> INSTRUCTIONS FOR THE TASK: No pictures go into the output, which should consist only of the lines from the first line of the data through the line with "SURPHY Case for", copied exactly.

---

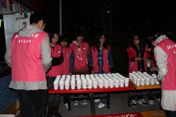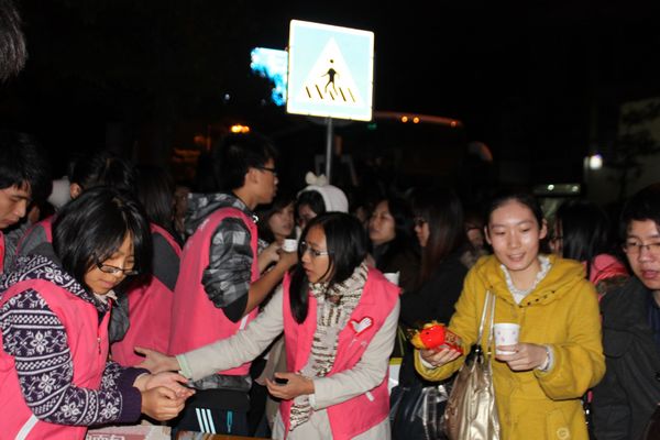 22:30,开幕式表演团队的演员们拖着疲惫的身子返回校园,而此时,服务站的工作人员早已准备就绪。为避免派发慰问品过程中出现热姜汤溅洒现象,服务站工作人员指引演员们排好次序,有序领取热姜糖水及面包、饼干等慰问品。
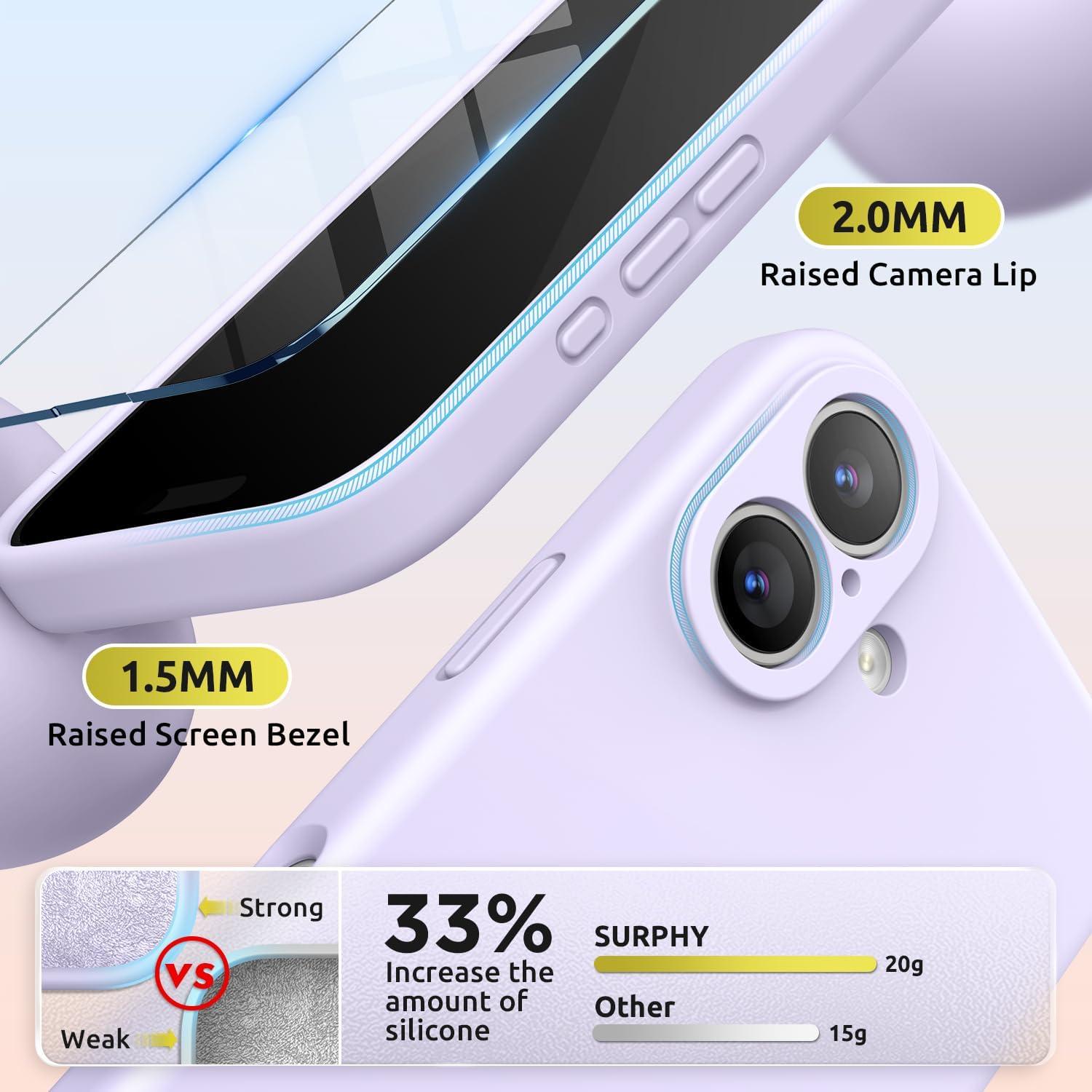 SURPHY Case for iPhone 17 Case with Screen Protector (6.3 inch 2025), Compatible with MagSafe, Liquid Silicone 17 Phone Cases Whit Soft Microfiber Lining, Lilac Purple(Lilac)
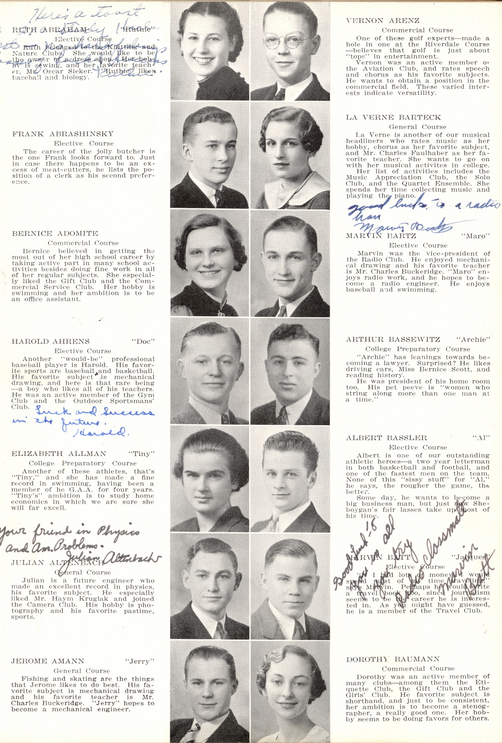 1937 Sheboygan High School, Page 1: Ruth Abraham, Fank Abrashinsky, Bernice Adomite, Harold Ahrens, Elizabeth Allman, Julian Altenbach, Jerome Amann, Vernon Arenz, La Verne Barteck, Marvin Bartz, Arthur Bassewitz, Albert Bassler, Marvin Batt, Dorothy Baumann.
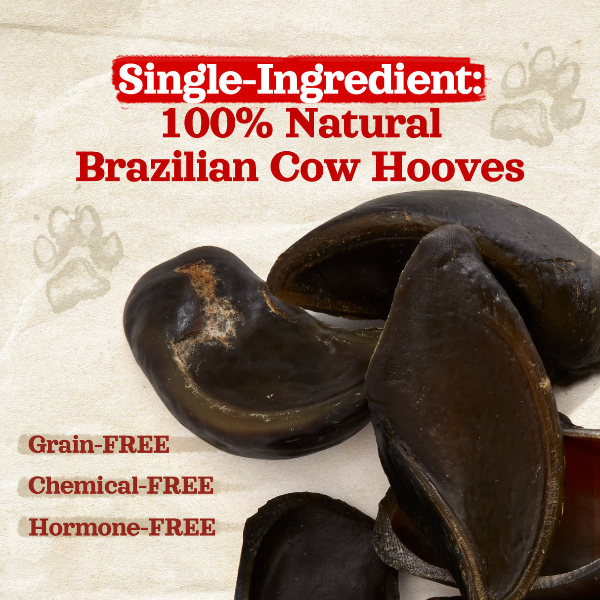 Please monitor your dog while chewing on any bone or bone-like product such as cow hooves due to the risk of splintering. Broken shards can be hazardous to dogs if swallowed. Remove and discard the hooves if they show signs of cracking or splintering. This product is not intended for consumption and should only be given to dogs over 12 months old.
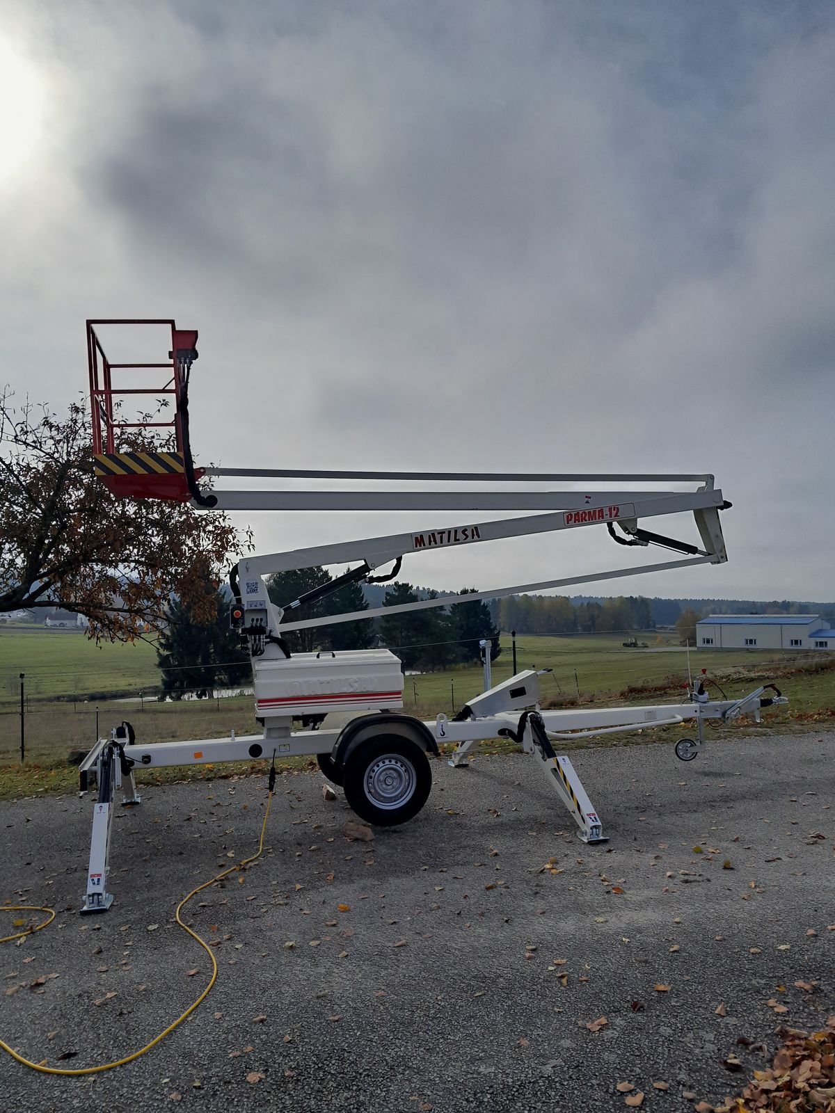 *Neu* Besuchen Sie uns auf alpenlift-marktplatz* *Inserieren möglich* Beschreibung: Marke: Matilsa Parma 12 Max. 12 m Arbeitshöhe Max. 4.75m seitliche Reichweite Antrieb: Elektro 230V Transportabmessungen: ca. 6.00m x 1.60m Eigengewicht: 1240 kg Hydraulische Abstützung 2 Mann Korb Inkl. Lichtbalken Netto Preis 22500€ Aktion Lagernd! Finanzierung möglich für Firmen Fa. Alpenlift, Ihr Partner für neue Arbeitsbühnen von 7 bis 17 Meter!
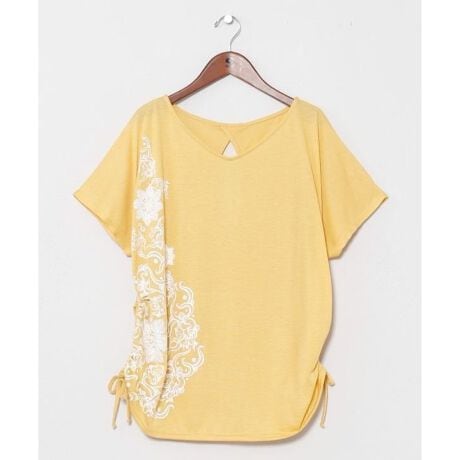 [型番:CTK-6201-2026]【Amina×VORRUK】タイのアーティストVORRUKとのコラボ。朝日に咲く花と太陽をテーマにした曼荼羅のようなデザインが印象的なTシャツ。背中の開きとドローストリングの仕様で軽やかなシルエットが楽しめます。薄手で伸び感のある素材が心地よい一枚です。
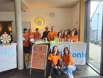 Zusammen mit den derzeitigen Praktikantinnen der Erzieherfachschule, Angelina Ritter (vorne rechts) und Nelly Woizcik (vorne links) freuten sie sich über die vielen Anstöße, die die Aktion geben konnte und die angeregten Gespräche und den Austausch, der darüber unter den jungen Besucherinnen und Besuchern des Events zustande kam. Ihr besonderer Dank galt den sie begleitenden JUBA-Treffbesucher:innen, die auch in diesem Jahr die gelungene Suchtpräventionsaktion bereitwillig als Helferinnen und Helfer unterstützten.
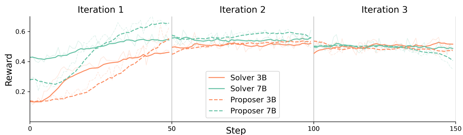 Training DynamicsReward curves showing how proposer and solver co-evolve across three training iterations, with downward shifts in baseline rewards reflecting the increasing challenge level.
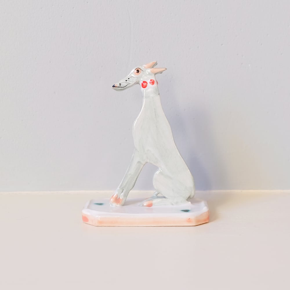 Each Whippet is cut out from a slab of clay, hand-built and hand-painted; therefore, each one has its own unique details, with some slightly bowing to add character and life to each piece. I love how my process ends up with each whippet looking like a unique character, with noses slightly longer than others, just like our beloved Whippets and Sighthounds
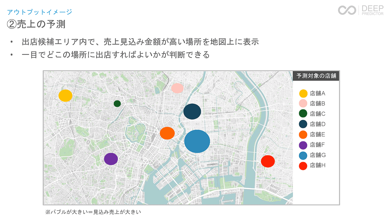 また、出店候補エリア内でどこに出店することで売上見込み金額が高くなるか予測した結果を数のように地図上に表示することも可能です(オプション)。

---

> RESULT BELOW:
 22:30,开幕式表演团队的演员们拖着疲惫的身子返回校园,而此时,服务站的工作人员早已准备就绪。为避免派发慰问品过程中出现热姜汤溅洒现象,服务站工作人员指引演员们排好次序,有序领取热姜糖水及面包、饼干等慰问品。
 SURPHY Case for iPhone 17 Case with Screen Protector (6.3 inch 2025), Compatible with MagSafe, Liquid Silicone 17 Phone Cases Whit Soft Microfiber Lining, Lilac Purple(Lilac)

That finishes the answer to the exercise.